- **TASK INPUT**:
══════

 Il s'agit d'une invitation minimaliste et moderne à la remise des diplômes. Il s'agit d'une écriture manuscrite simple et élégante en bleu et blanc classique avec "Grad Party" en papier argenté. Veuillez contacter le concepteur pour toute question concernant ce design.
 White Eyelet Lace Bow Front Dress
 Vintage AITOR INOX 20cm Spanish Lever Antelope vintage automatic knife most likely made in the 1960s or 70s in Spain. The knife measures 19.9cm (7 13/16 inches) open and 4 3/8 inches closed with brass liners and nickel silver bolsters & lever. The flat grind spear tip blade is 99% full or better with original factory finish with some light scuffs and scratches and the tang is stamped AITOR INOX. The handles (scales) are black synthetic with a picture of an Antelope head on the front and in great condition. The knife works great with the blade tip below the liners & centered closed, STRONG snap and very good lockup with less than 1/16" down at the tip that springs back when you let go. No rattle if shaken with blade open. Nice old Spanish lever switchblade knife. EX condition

══════

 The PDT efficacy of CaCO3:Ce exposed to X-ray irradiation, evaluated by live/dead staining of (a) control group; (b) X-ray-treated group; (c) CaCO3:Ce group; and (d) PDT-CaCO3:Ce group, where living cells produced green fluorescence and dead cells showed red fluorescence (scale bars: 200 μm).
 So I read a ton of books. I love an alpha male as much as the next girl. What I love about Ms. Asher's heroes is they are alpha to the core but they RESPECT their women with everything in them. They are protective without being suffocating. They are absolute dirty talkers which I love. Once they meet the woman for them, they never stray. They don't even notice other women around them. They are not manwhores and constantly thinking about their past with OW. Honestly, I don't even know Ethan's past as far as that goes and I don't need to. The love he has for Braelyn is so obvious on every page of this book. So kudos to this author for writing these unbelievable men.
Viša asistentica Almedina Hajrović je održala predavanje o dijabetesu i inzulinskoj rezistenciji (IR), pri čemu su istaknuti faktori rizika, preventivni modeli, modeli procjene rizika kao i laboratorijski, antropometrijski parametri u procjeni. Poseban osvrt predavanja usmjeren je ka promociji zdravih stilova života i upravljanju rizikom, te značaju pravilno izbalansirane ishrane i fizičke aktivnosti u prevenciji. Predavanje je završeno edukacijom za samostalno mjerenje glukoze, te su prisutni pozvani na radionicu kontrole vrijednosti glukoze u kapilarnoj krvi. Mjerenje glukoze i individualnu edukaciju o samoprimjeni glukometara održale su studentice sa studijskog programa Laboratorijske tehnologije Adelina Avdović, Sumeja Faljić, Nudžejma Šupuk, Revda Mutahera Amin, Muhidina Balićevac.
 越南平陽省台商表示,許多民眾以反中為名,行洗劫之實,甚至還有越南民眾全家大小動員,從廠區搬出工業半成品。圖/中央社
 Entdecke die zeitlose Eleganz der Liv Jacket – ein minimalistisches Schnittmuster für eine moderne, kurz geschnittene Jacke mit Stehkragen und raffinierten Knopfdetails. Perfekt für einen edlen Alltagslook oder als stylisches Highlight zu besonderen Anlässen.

══════

- **TASK STATEMENT**: How many lines in these entries hold the string "that"? Answer with the number alone.

- **SOLUTION FOR THIS PROBLEM**: 2